Figure 3. Identification of the IRG prognostic signature. (A) Coefficients of the determined characteristics are shown by the lambda parameter. The partial probability deviance relative to log (λ) was calculated via the LASSO Cox regression approach. (B) Prognostic assessment of the gene signature in the CGGA mRNAseq_693 cohort. Top: The dotted line designates the median risk score and stratifies the patients into low-risk GBM and high-risk GBM groups. Middle: Survival status of the patients. Bottom: Heatmap showing the expression patterns of the prognostic genes in the low-risk GBM and high-risk GBM groups. (C) Kaplan–Meier survival analysis of patients stratified by the gene signature. Time-dependent ROC analysis of the gene signature.

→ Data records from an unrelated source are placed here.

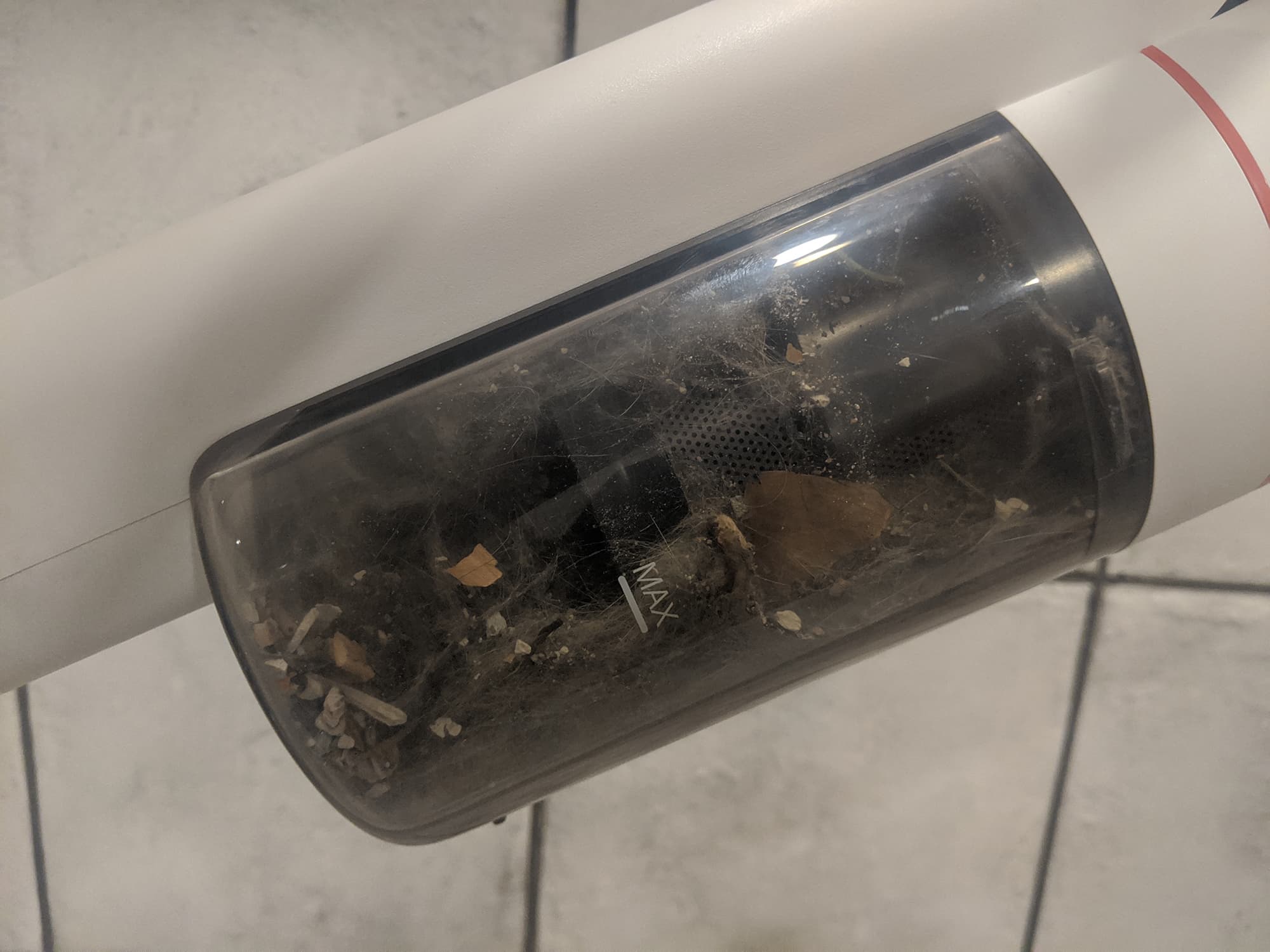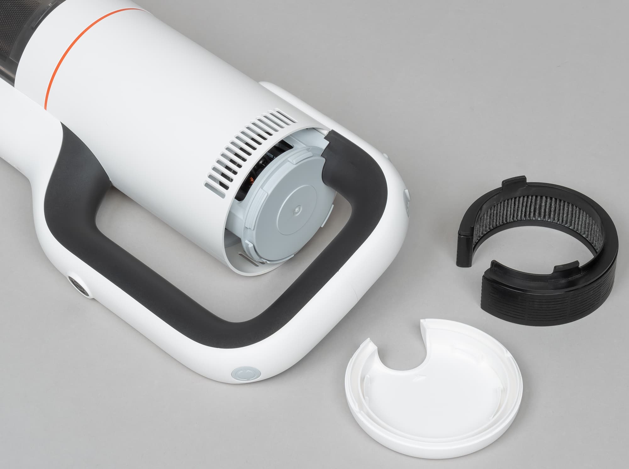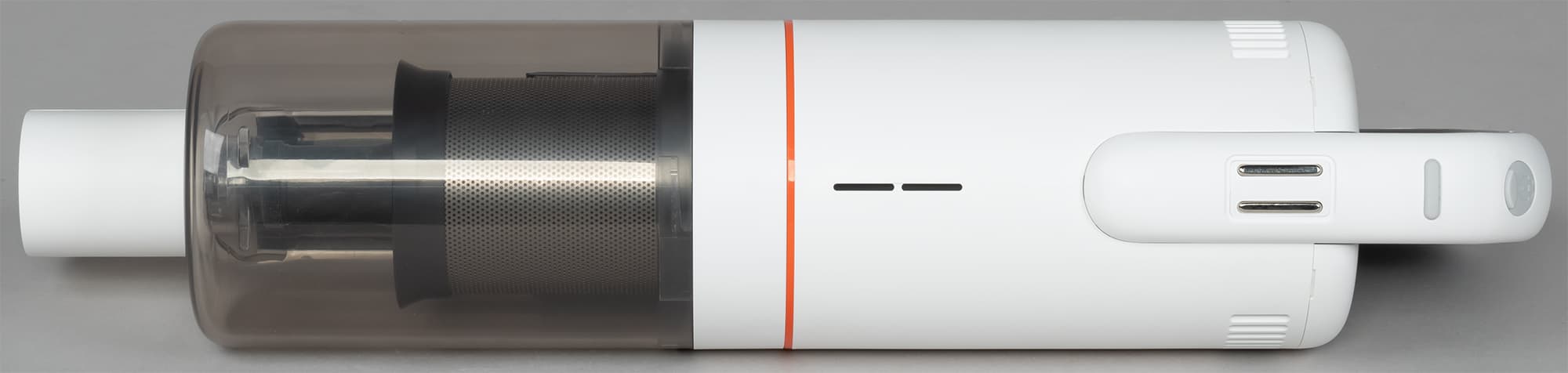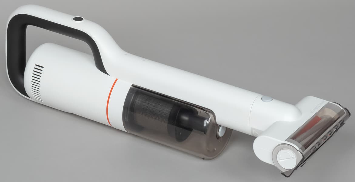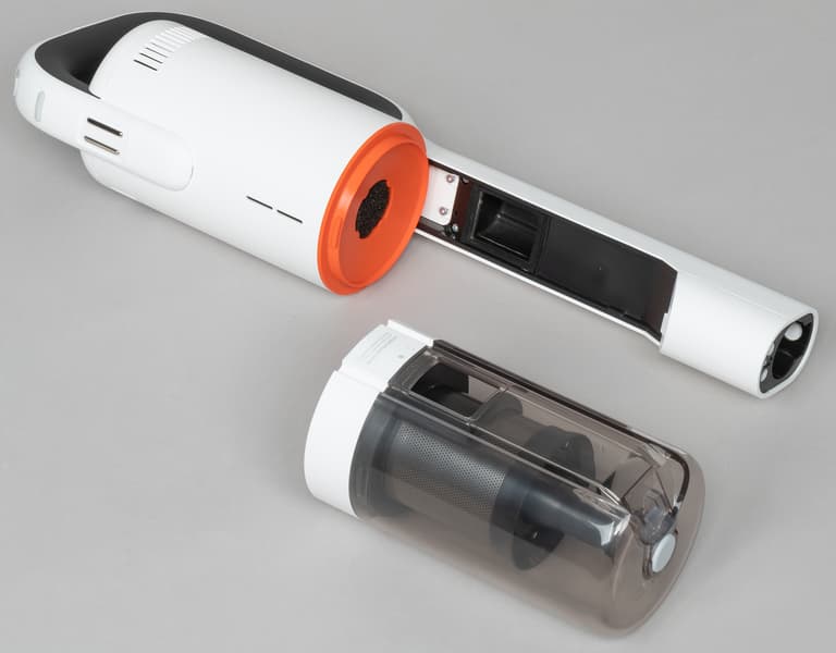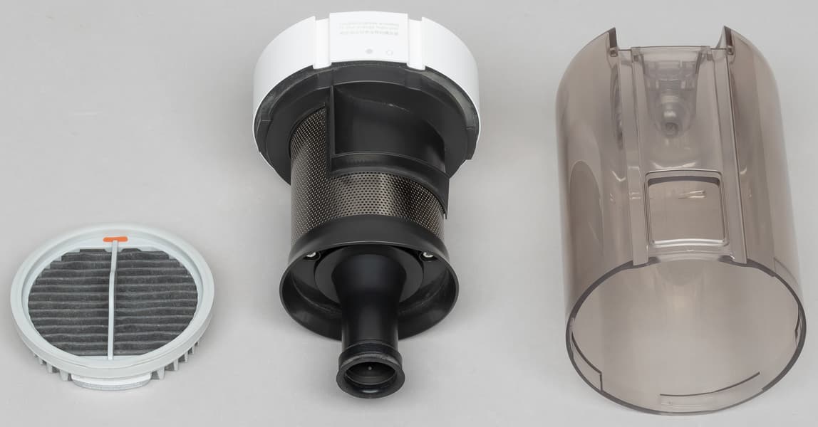 Переднюю часть моторного блока занимает цилиндрический мусоросборник. Корпус фильтра сделан из сероватого полупрозрачного пластика. Пылесос Roidmi X20 оборудован трехступенчатой фильтрацией: циклонным фильтром грубой очистки, HEPA-фильтром для фильтрации мелкой пыли и выпускным HEPA-фильтром.
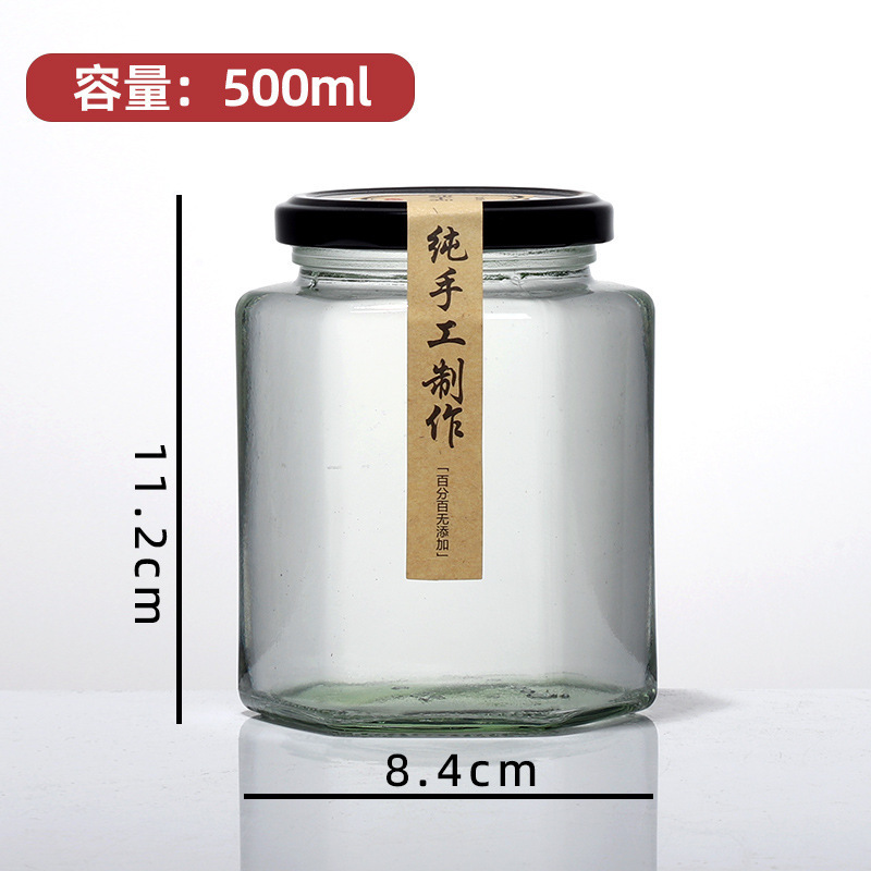 6 면 유리 병 식품 등급 봉인 된 항아리 레몬 페이스트 킬로 허니 병 칠리 소스 잼 쇠고기 소스스토어 가기
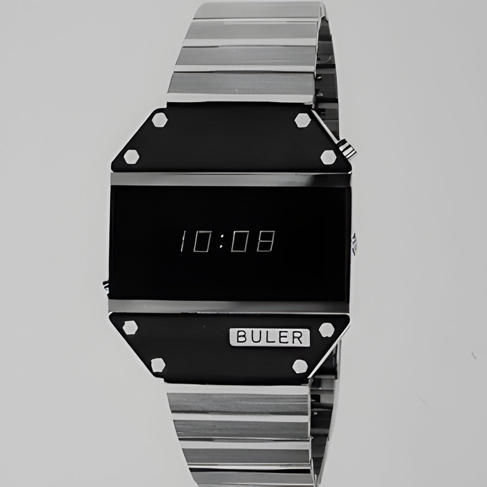 A model from the complete collection of quartz electronic watches presented by Buler at the 1976 Basle Fair. LED, 5 functions, steel bracelet. (BULER)
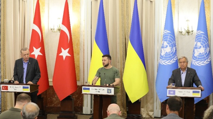 Σε συνέντευξη Τύπου μετά την ολοκλήρωση της τριμερούς με τον πρόεδρο της Τουρκίας Ρετζέπ Ταγίπ Ερντογάν και τον γενικό γραμματέα του ΟΗΕ Αντόνιο Γκουτέρες, ο Ζελένσκι δήλωσε σχετικά με την προοπτική εξεύρεσης διπλωματικής λύσης για τον τερματισμό του πολέμου: «Άνθρωποι που σκοτώνουν, βιάζουν, χτυπούν τις πόλεις μας με πυραύλους καθημερινά, δεν μπορούν να θέλουν ειρήνη. Πρέπει πρώτα να αποχωρήσουν από το έδαφός μας και ακολούθως βλέπουμε…».
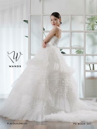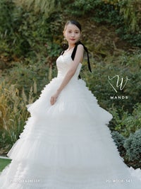 ラッフルとティアードの リズム感のある切り替えデザインが印象的な ボリューム感たっぷりのチュールドレス。 アクセントのベロアリボンは、付けはずし可能な2wayです。
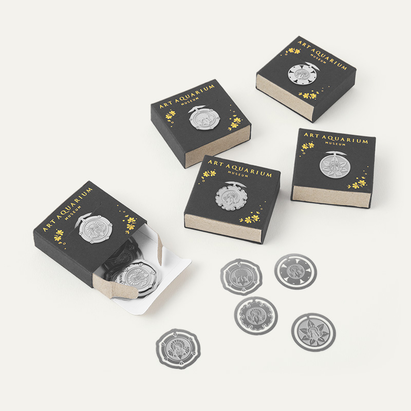 金魚に特化した「“生命の宿る美術館” アートアクアリウム」のショップで販売されたオリジナルグッズ。ターゲットの若いカップルや外国人を意識し、華やかな和の雰囲気を取り入れ、雅なデザインにプロデュースしました。
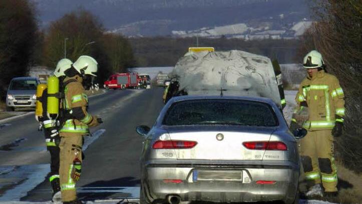 Die Floriansjünger aus Haßfurt, Sylbach, Unter- und Oberhohenried waren mit rund 20 Einsatzkräften schnell zu Stelle und löschten das Feuer. Erschwert wurde der Einsatz etwas, weil es sich um einen Wagen mit Flüssiggasantrieb handelte.
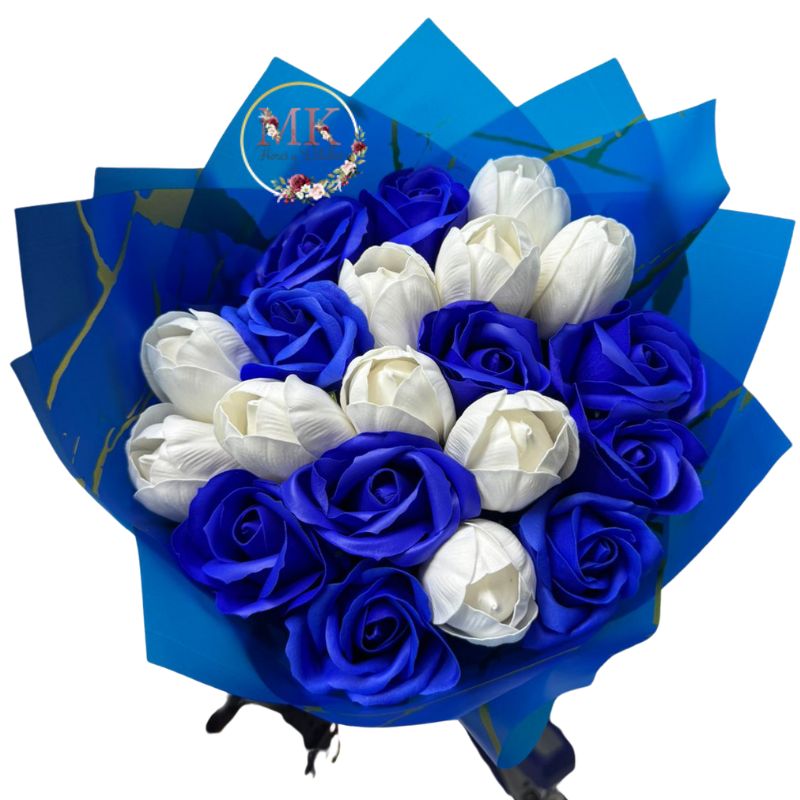 Bouquet de Rosas y Tulipanes Eternos Azul Blanco
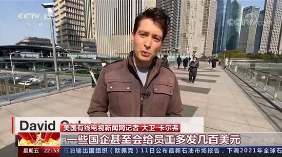 美国有线电视新闻网记者 大卫·卡尔弗:一些国企会给职员多发几百美元,鼓励他们不要返乡,利用春节假期,多多游览自己生活和工作的城市。
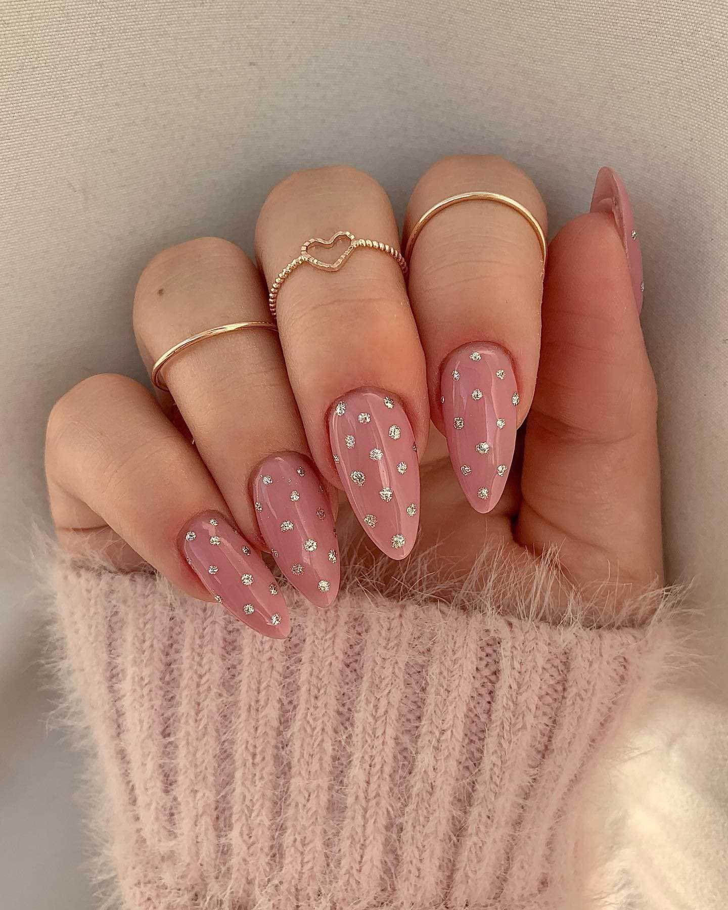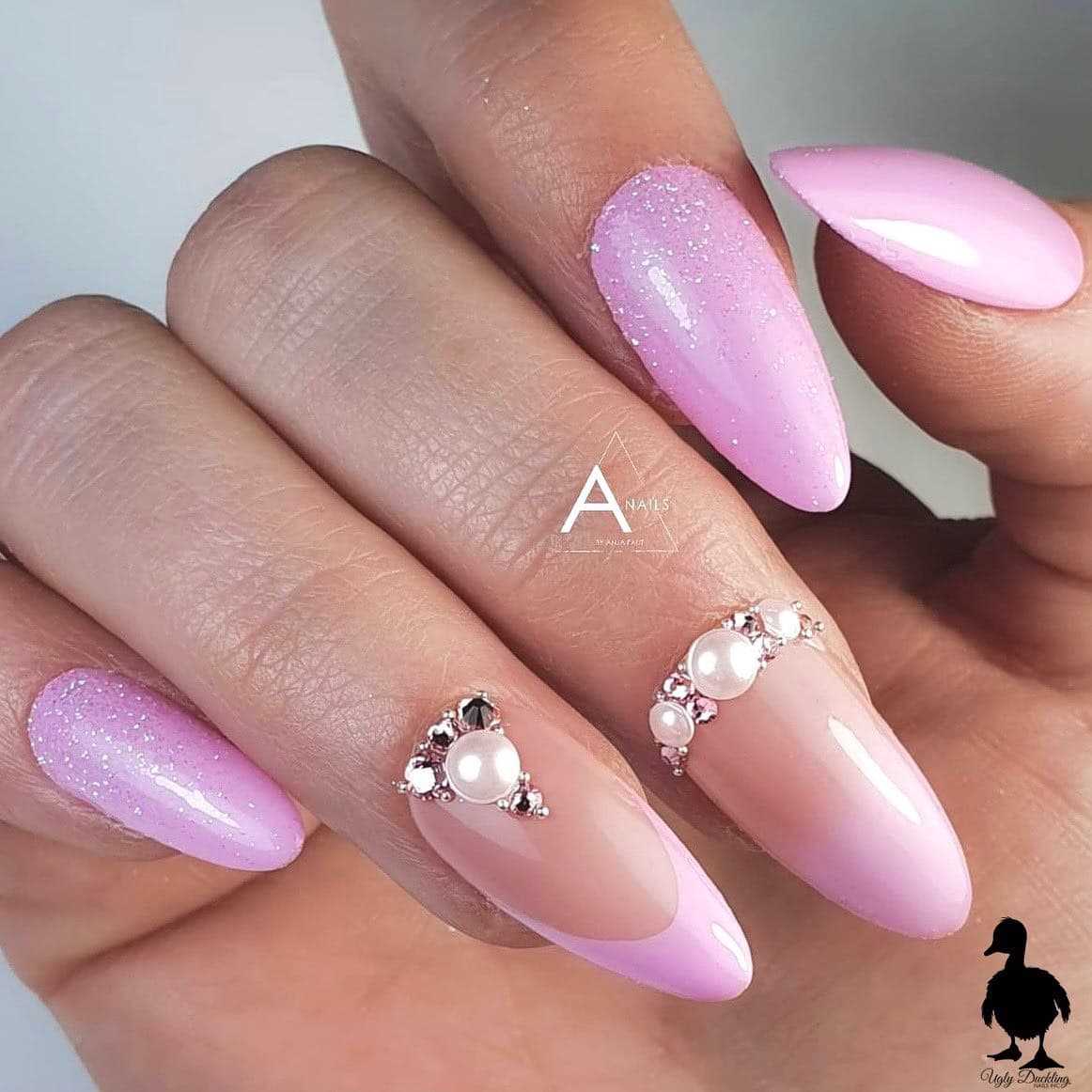 Красивый розовый маникюр со стразами в нашей фото-подборке:
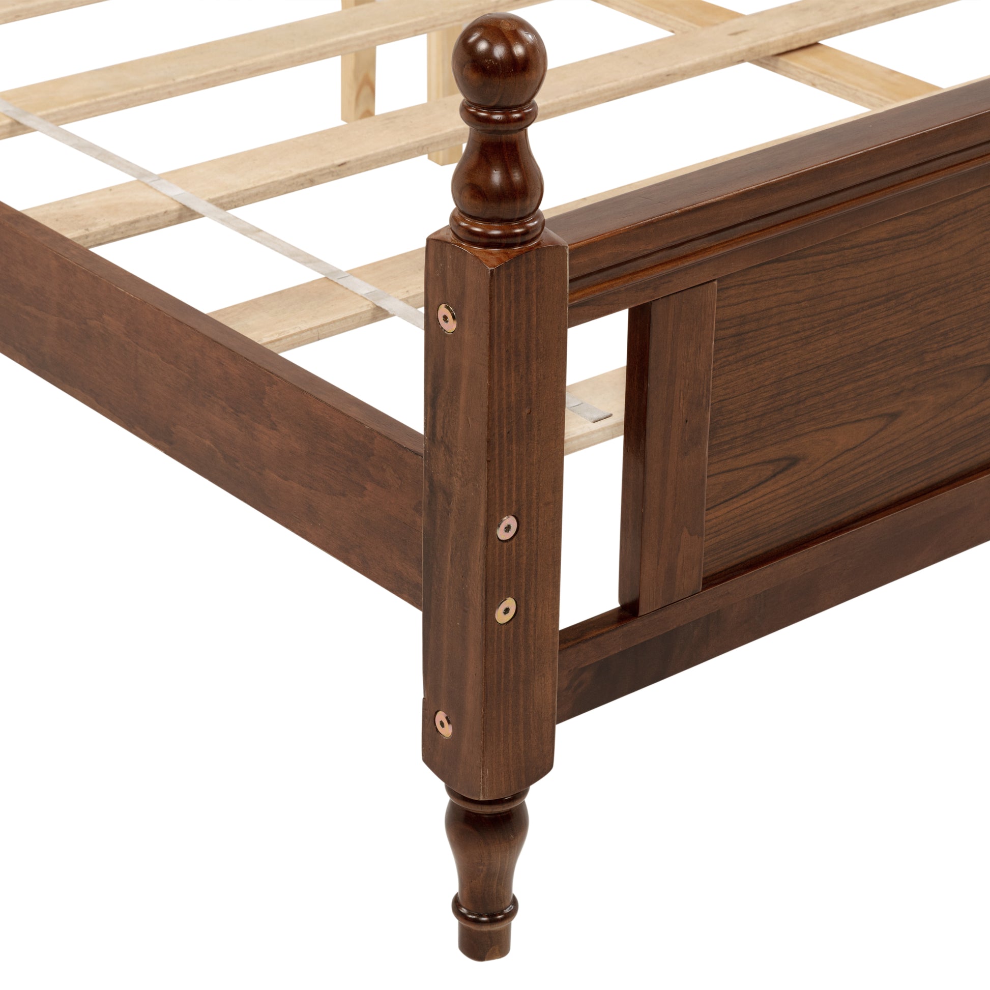 - [Elegant Headboard] This bed equipped with sophisticated and elegant headboard filled with comfortable foam, and adorned with finials on the bed posts exude a serene and classic, vintage aesthetic. It harmoniously blends into any setting, offering a rustic, minimalist appeal ideal for various decor styles.
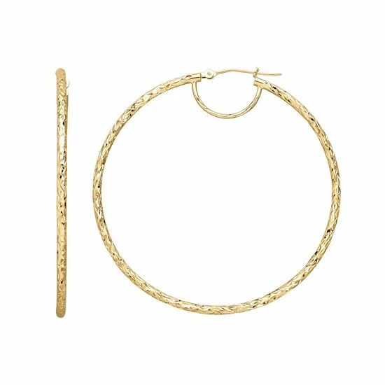 Add a hint of glamorous elegance to your ensemble with these Everlasting Gold 14k gold textured hoop earrings.
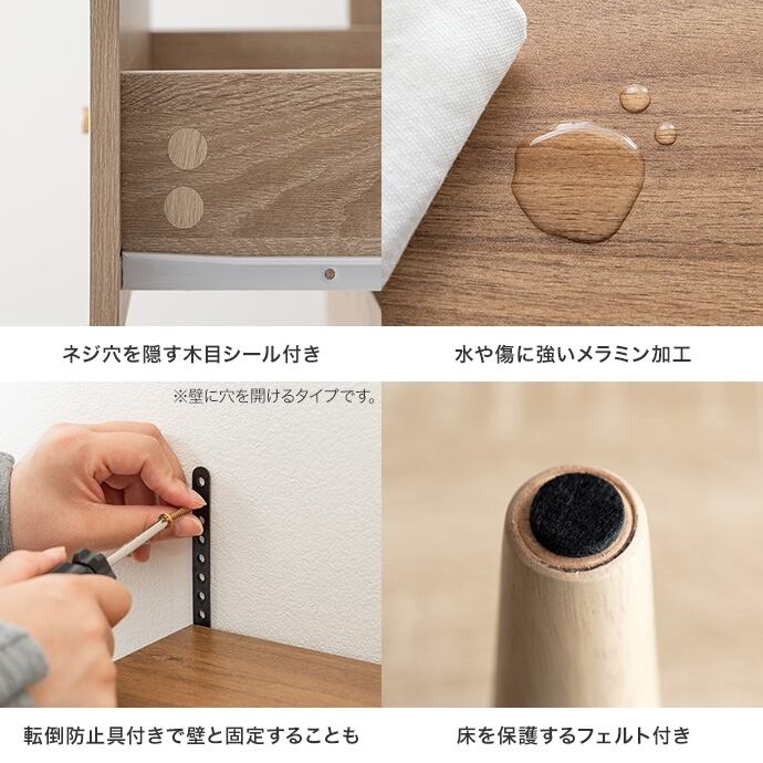 木の温かみを感じるリアルな木目調とゴールドのあしらいが目を惹く『Lucas(リュカ)』シリーズのチェスト。ワイドな引き出しは4段に分かれており、段毎に整理しながらこの1台にたっぷり収納していただけます。引き出しは簡単に取り外すことができるため中身はそのままで入れ替えることができ、衣替えをする時などに大変便利です。また、コンパクトなスリム設計のため圧迫感がなく、一人暮らしやワンルームにもぴったりなサイズ感に仕上げました。

Then, three independent datasets – CGGA mRNAseq_325, GSE16011, and GSE83300 – were used to validate our prognostic model. The patients in each validation dataset were also divided into two groups based on their median risk score. There were also significant differences in the expression of six genes between the high-risk and low-risk groups. KM and time-dependent ROC analyses were performed in the three validation datasets. The results showed that our prognostic signatures were well-differentiated between the high- and low-risk groups. The prognostic model also accurately estimated the OS probability at 1–3 years (Figure 4).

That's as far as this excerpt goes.